I have, over the years, come across a number of excellent articles on the value of learning to say ‘No’. And it is good advice. We bend over backwards, tie ourselves in knots and wear ourselves to shreds sometimes trying to do and be everything others ask of us. It is, just occasionally, okay to say no.
I will be the first to hold up my hand in guilt at this one, learning how and when to refuse has been a long, hard journey… and one I am still working on. The natural instinct is to be helpful and personally I have found saying yes to everything a hard habit to break. It is not easy to learn to accept that sometimes no is the best answer.
But what I find strange, amid all the helpful and useful articles about learning to say no, is that there is a dearth of similar advice about saying yes to life.
And sometimes that is precisely what we need to find the courage to do.
A few years ago I was given a simple yes/no option.
The no would have preserved the status quo, involved no risk, cherished the familiar and allowed life to continue a confortable pattern. I knew where I was heading, could understand the possibilities of the future, though not predict them, and even the not-so-good bits were homely and not completely unknown.
A yes would not only challenge all I knew and much of what I held dear, it would, it was clear, alter the dynamics of my life in ways I could not imagine or foretell. It would truly be a step in the dark, without any knowledge of the ground beneath my feet. Stepping out of my comfort zone and the life I knew would be like being stranded in a deep pool, blindfolded and disoriented, having to trust that I would be guided to shore.

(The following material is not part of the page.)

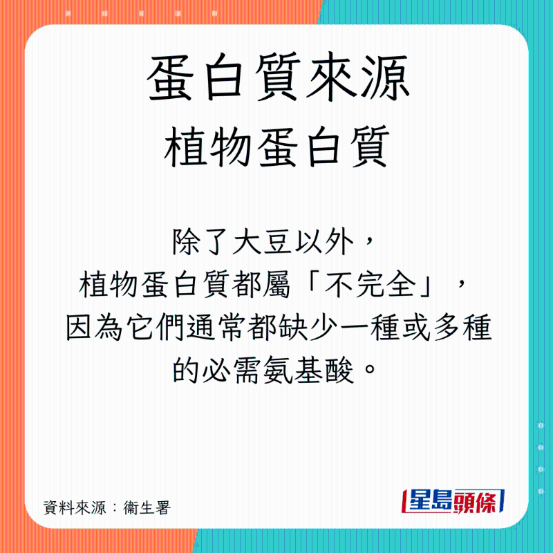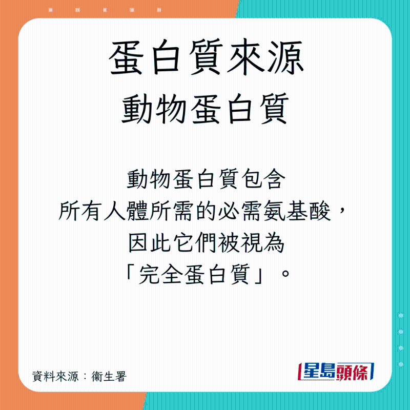 根據衛生署資料,蛋白質分為動物及植物2大來源:

Any deviation from the normality I knew was going to involve this journey into unknown territory. I could see some of the potential ‘cost’ in purely human terms but as the choice itself was quite tenuous and blurred, I could not see how far away from my usual path I would be walking.
In face of this uncertainty, my instinct was to say a firm ‘no’. I freely admit it was fear… self-preservation… a fear of loss, if you will.

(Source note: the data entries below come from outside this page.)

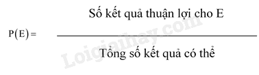 + Sử dụng kiến thức về cách tính xác suất của biến cố bằng tỉ số để tính: Giả thiết rằng các kết quả có thể của một hành động hay thực nghiệm là đồng khả năng. Khi đó, xác suất của biến cố E, kí hiệu là P(E), bằng tỉ số giữa số kết quả thuận lợi cho biến cố E và tổng số kết quả có thể:
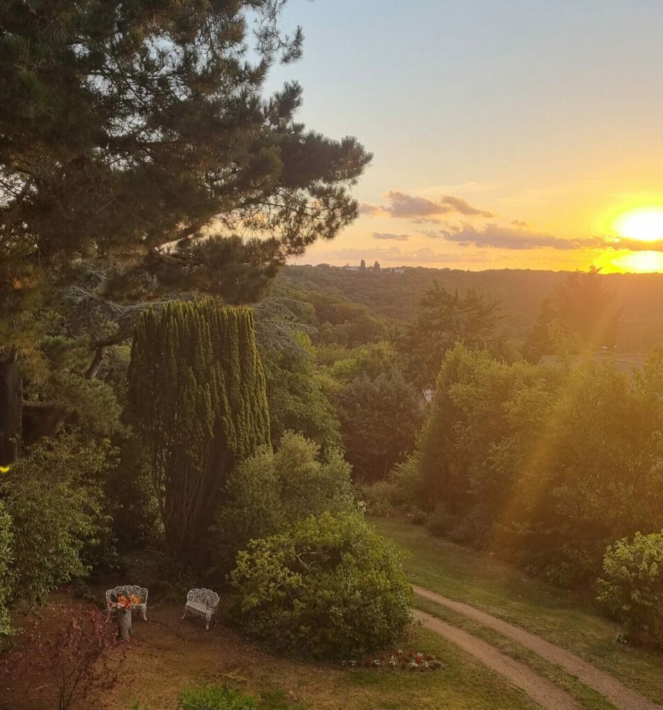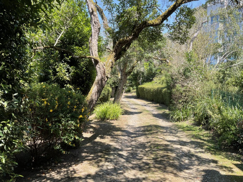 Derrière le portail, un grand parc arboré protège la maison du tumulte de la ville. On y entend les oiseaux, le vent dans les feuillages.
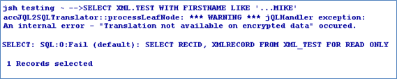 However, when the data is queried using a criteria, this functionality is suppressed because of the encryption. The stored data is encrypted and hence cannot be compared with the user-supplied data. Therefore, a default translation occurs bringing up all the data from the database and then filtering it in jBASE.
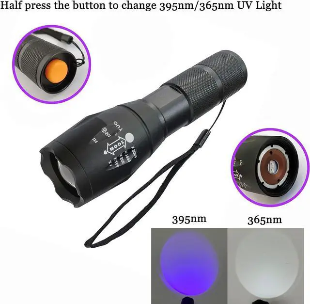 - The UV Flashlight with 365nm & 395nm UV Light Zoomable 2 in 1 Black Light LED Flashlight is really essential in our daily life,covering larger area without weaken the light, which is perfect for revealing dry dog, cat and rodent stains and smudgy spots that couldn't see with the naked eye and so on. No longer need to clean your carpets blindly, no more annoyed with the invisible stains on your bed, floor or kitchen's wall .

Yet, it pulled and tugged and niggled away. Knowing it was my own fear that held me back forced me to look closely at the whys and wherefores of my thoughts and actions. Once I had understood that I was permitting fear to make my decisions for me, I rebelled. After all, I am my own responsibility.
So I said ‘yes’.
A few years later and we have brought to birth a School whose students already span the globe. There is a shelf of books with my name on the spine, many of them in a creative partnership that is a delight. I cannot believe how close I came to allowing fear to rob me of what has been undoubtedly one of the best decisions of my life.
I have been challenged and worked, I have learned and taught, shared and given. I have driven many thousands of miles across a country I love and made new friends the world over. A mirror has been held up for me in which I have seen many flaws and weaknesses, seen core beliefs challenged and stripped away and where I have been obliged to reassess much of what I had accepted through habit and lack of thought. And through fear.
My entire life and lifestyle have been turned upside down and inside out. I have been both shaken and stirred. There has been loss, but only because I have felt it so. There have been huge changes, yet that is no bad thing. I barely recognise my life any more when I contrast it with the one I knew… yet I am deeply, completely content, more than I had ever been. And more myself than I have ever allowed myself to be.
And this is just a beginning.
Instead of worrying about where this path will lead and what it might mean, I now embrace it and walk out into that nebulous tomorrow with my head held high, as I follow what my innermost heart says is right. I do not know where I will stand a year from now. I cannot see that shadowy me… but I do not need to. I have said yes to life and will live it with all that I am.
Sometimes Yes is the only answer.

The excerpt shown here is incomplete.